Spanish finances: Spanish bank bailout cost taxpayers €41.8 billion, Audit Court finds

The Audit Court’s report criticizes the FROB’s unclear accounting methods, and estimates that €58 million was spent on professional fees paid to third parties for services such as consulting work and record-keeping.


What emerges from these findings is that the financial crisis may have been bad for the taxpayer, but highly profitable to advisors, consultants and notaries, among others.




The state paid €3.8 million for “other notary expenses, other advisory work and reports”




The full cost to the taxpayer of the banking bailout remains a mystery. The Spanish state still controls 65% of Bankia and BMN (headed by former savings bank Caja Murcia). Until these lenders are privatized, either together or separately, and the “bad bank” (known as Sareb) is liquidated, the state’s losses will not be clear. And Sareb still has 12 years ahead of it.
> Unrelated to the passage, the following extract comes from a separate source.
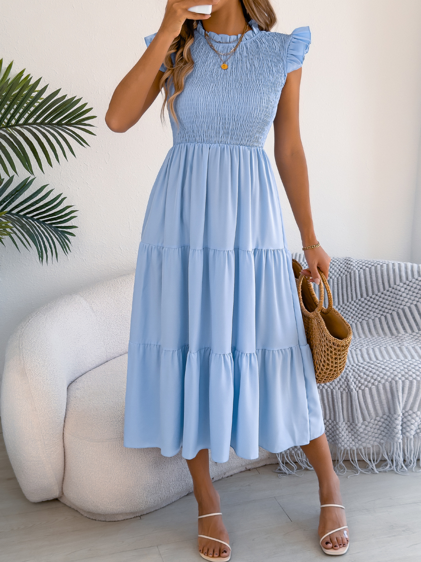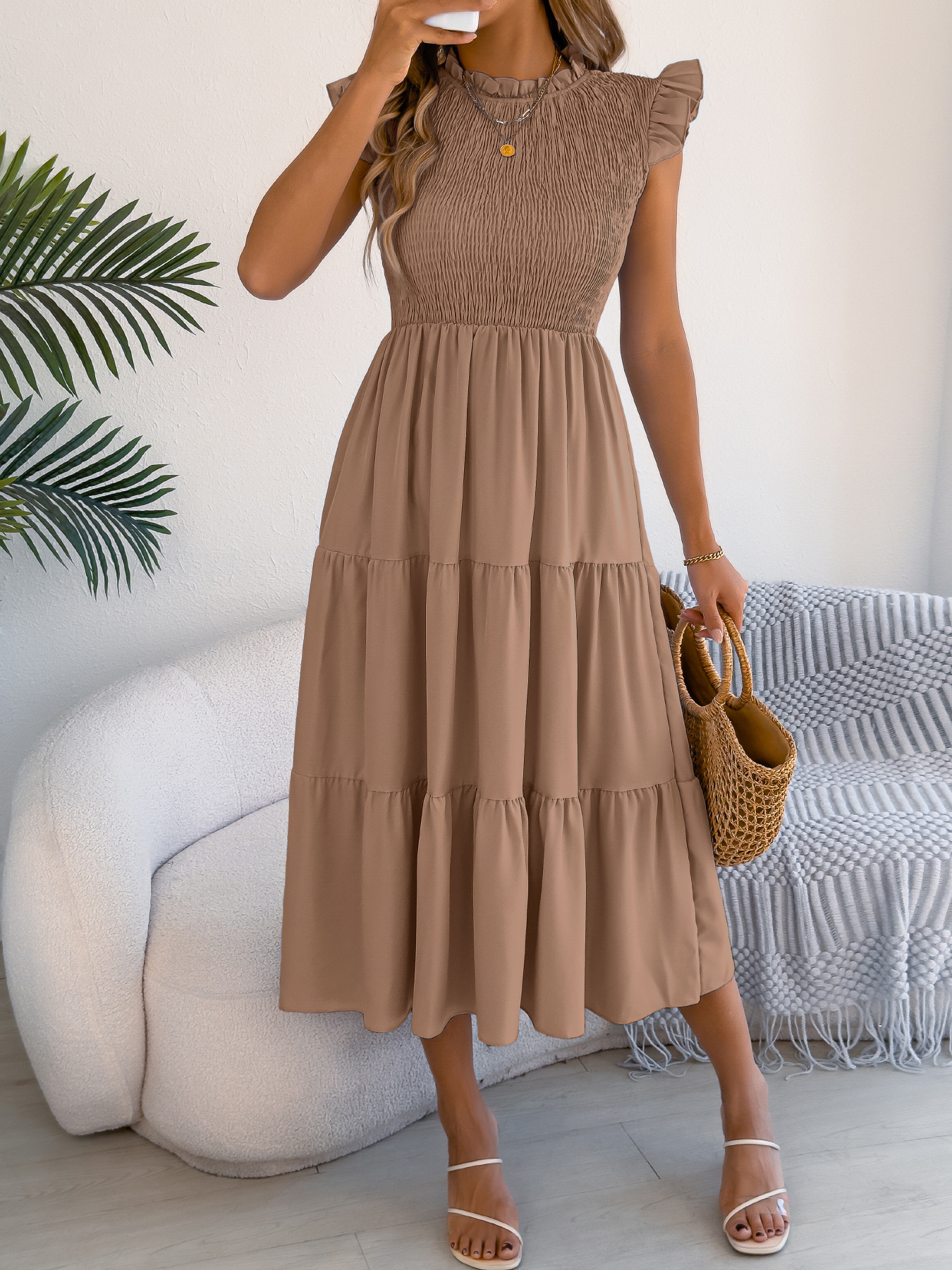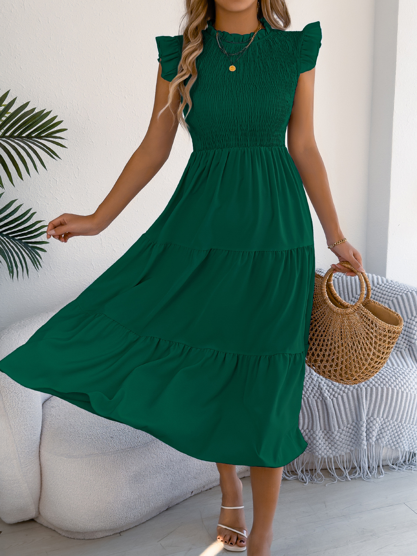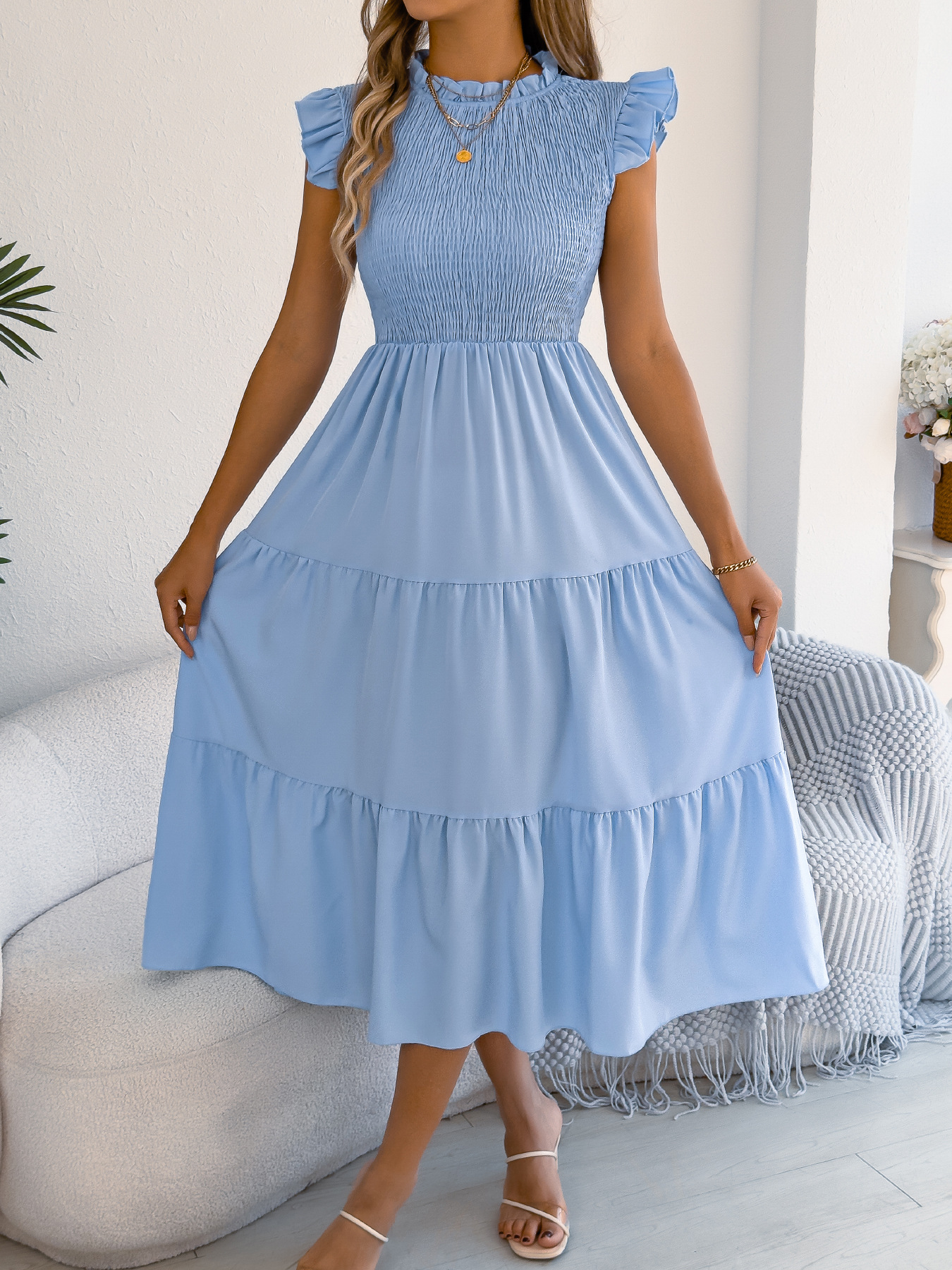 Copy| Product Name | Women's Spring/Summer Solid Ruffle Edge Maxi Dress |

The one thing that has emerged is that the state will not be recovering all the money that it invested in the bailout. Government officials are resigned to the fact that €26.3 billion of public funds have been lost forever, even though the Popular Party (PP) government said in 2012 that citizens would not foot the bill for the banking crisis.


On the private side, banks put up a little over €8 billion for the Deposit Guarantee Fund (FGDEC), but had additional expenses – including guarantees for questionable credit lines – that bring the total cost of the bailout to the private sector to slightly over €18.9 billion.